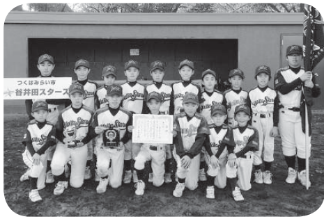
谷井田スターズの皆さん

優勝 牛久中根サンダース 準優勝 豊ナインズ 第3位 谷井田スターズ 新利根エンゼルス
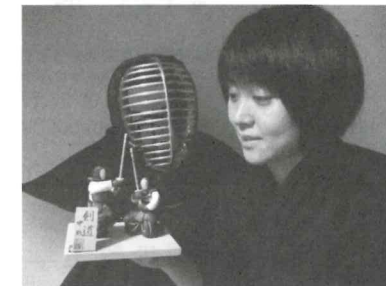
恩師にいただいた、剣道博多人形を手に。世代や分野を越えて交流できるのが楽しい。

技術部会に参加させていただいていますが、皆さん、とてもパワフルで親切。いつも励まされています。違う分野の方々と知り合い、新しいことを勉強できるのは、剣道の稽古をする時の
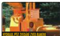
HYDRAUL. PÍST ZVEDÁNÍ ZVED. RAMENE
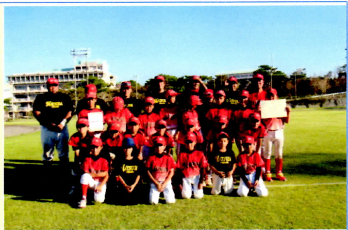
写真3 松田区子ども会 親子野球参加者
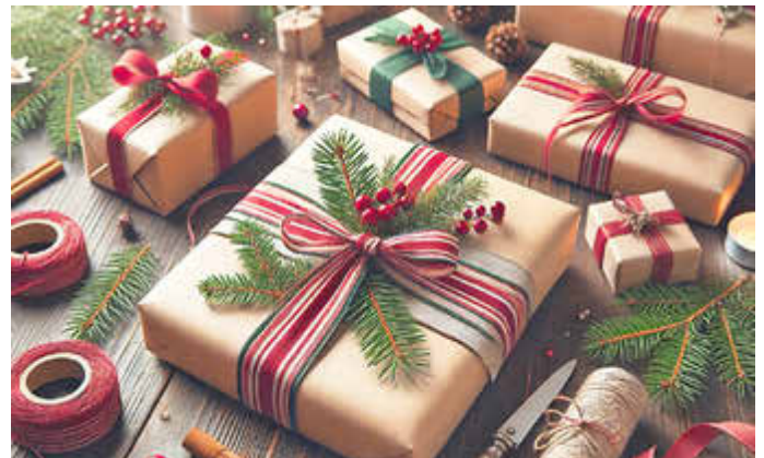
Geschenke frühzeitig kaufen, um die hektische Suche in letzter Minute zu vermeiden.

(DJD). Weihnachten bringt oft eine Mischung aus Vorfreude und Stress mit sich. Geschenke besorgen, die Wohnung schmücken und das Festtagsessen planen – all das kann schnell überwältigen. Eine gute Planung kann jedoch helfen, Stress zu vermeiden und die Adventszeit entspannt zu genießen. Hier sind sieben praktische Tipps:
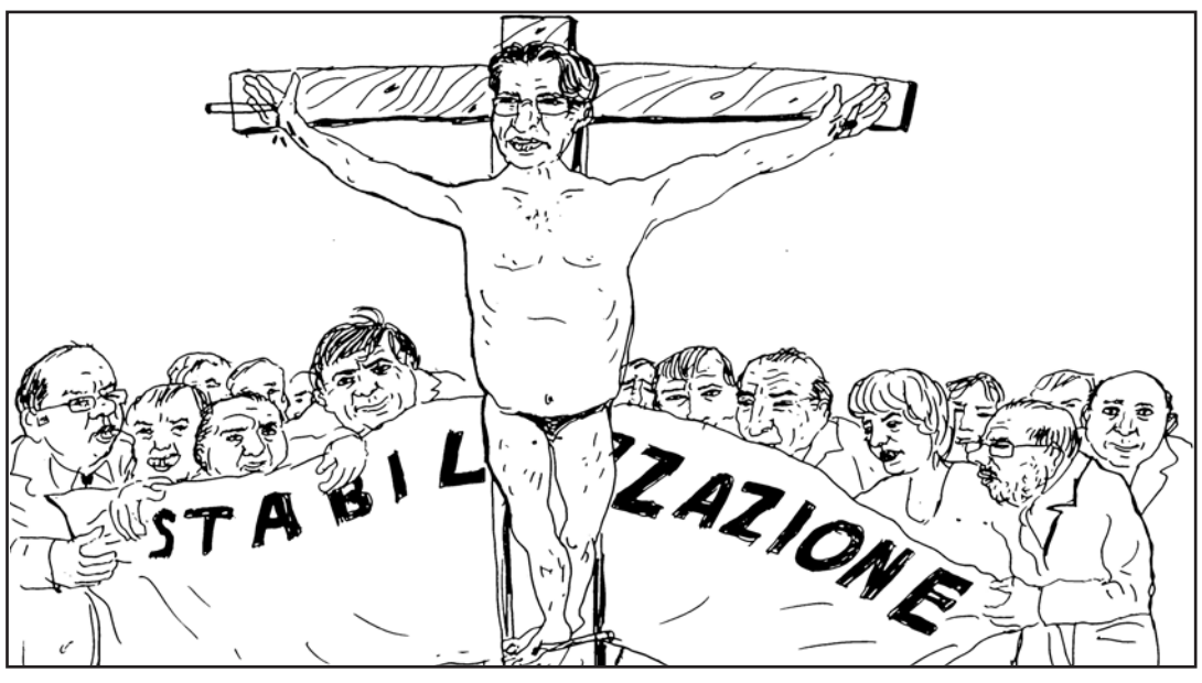
I precari chiedono la stabilizzazione al presidente Crocetta

Deroga alla riforma Fornero, legge dell'Ars entro il 31 dicembre Proroga dei contratti per tre anni, poi il via alla stabilizzazione
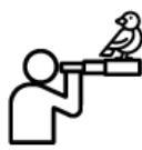
observation des oiseaux
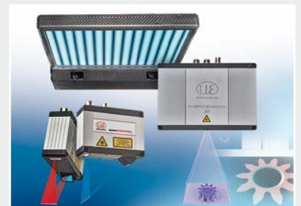
3D Messtechnik zur dimensionellen Prüfung und Oberflächeninspektion
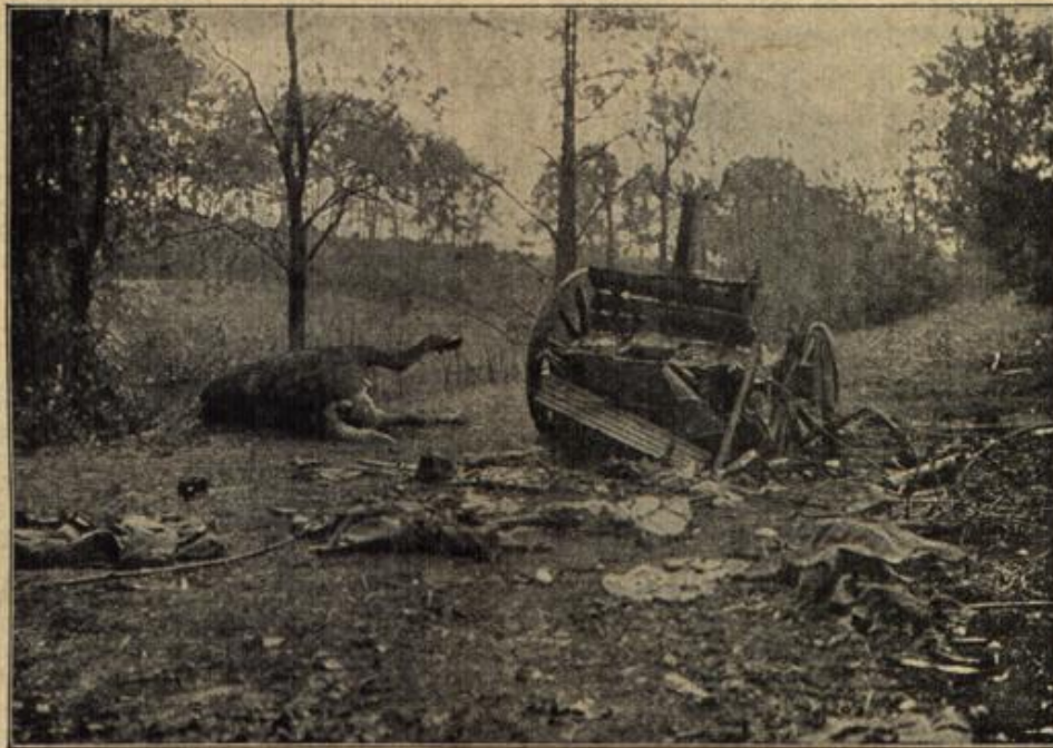
Nach der Eroberung von Przemyśl: Die Überreste einer russischen Proße, die von einer großkalibrigen Granate getroffen wurde.
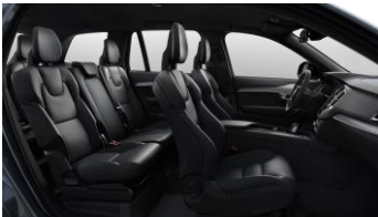
Charcoal Nubuck textile/ fine Nappa leather and Metal Mesh decor
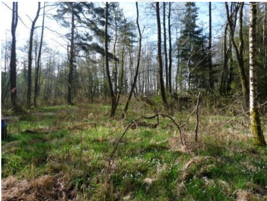
Abbildung 1: Feuchtwald bei Heringnohe

In den Feuchtwäldern der Vilsecker Mulde bei Heringnohe und im zentralen Bereich ist der Grauspecht charakteristisch. Ebenso werden diese Wälder mindestens zur Zugzeit vom Waldwasserläufer genutzt (Abb. 1).
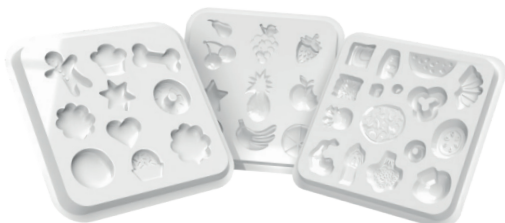
3 Moldes de alimentos (doces, salgados e frutas)
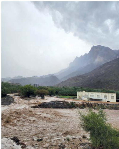
جريان الشعاب بوادي السحتن
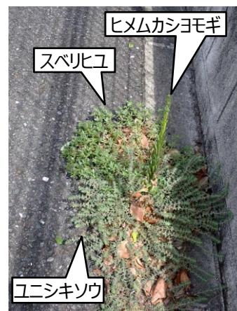
アスファルトとコンクリートブロックの わずかな隙間に3種 240825
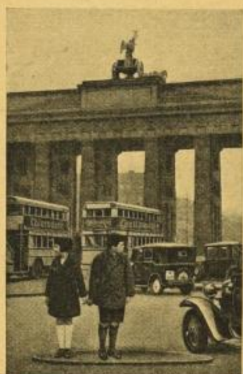
Am Brandenburger Tor
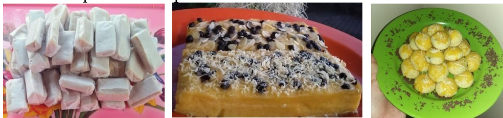
Gambar 2. Hasil Olahan Tape Berupa Permen Tape, Prol Tape, dan Nastar Tape

Pembuatan modul olahan tape dimulai dari membuat berbagai macam olahan tape yang dibuat sendiri oleh anggota kelompok Kegiatan Pengabdian Masyarakat UM. Dalam pembuatan olahan di mulai dari menentukan jenis bahan, cara pembuatan, sampai pengemasan olahan tape. Setelah berhasil membuat resep makanan olahan tape sendiri , kemudian ide tersebut kami tuangkan ke dalam buku resep berupa modul olahan tape. Modul olahan tape berjudul " Modul Pengembangan Olahan Tape Siput Manis (Singkong Putih Manis) Untuk meningkatkan Potensi Desa Bendo ". Modul ini berisi tentang 9 resep olahan tape, branding , dan contoh logo untuk produk olahan tape berupa logo produk nastar tape, permen tape, dan prol tape. Pembuatan modul olahan tape ini mendapat respon positif dari pihak desa Bendo, Kecamatan Gondang, Kabupaten Tulungagung. Penyerahan modul olahan tape dilakukan pada tanggal 7 Juli 2020 dilakukan oleh perwakilan kelompok program kerja modul olahan tape kepada kepala desa Bendo. Penyerahan modul kepada ibu-ibu PKK dilakukan melalui perantara kepala desa Bendo.
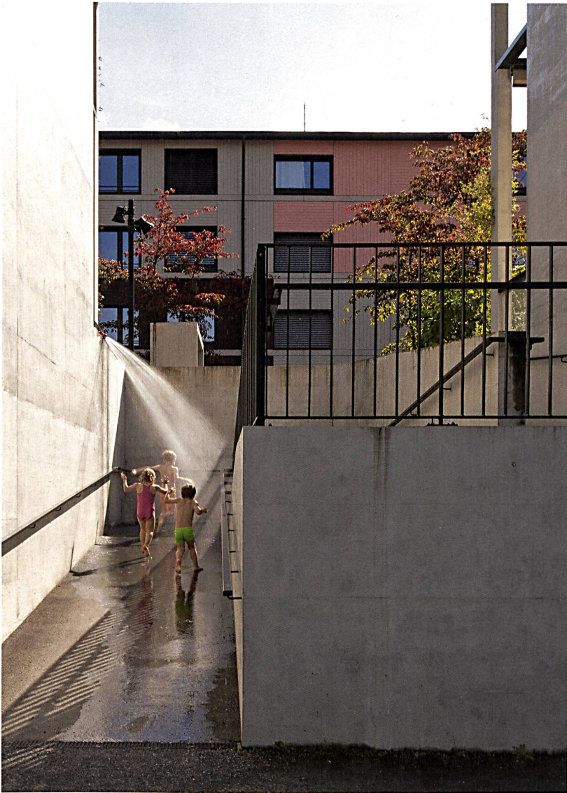
Nur selten haben Engstellen wie hier in der Siedlung Grünmatt von Graber Pulver Architekten (Zürich, 2014) auch ein performatives Potenzial.

Kaum ein anderes Thema hält uns derart im Bann wie das des Stadtraums. Dem schwer fassbaren Dazwischen widmeten wir in den letzten Jahren etliche Hefte, so etwa Commons (wbw 4–2012), Massstabsprünge (wbw 10–2012), Stadt auf Augenhöhe (wbw 6–2013), Strassenräume (wbw 10–2014), Dichte und Nähe (wbw 10–2015) und zuletzt Zwischenkritik (wbw 5–2016). Unsere Hartnäckigkeit hat einen naheliegenden Grund: Es gibt in dem Bereich noch viel zu tun.
============
YOUR ASSIGNMENT:
Pictures excluded, transcribe the listing above exactly from the line with "Nach der Eroberung" through the line with "In den Feuchtwäldern", and no further.

WRITTEN RESPONSE:
Nach der Eroberung von Przemyśl: Die Überreste einer russischen Proße, die von einer großkalibrigen Granate getroffen wurde.
Charcoal Nubuck textile/ fine Nappa leather and Metal Mesh decor
Abbildung 1: Feuchtwald bei Heringnohe

In den Feuchtwäldern der Vilsecker Mulde bei Heringnohe und im zentralen Bereich ist der Grauspecht charakteristisch. Ebenso werden diese Wälder mindestens zur Zugzeit vom Waldwasserläufer genutzt (Abb. 1).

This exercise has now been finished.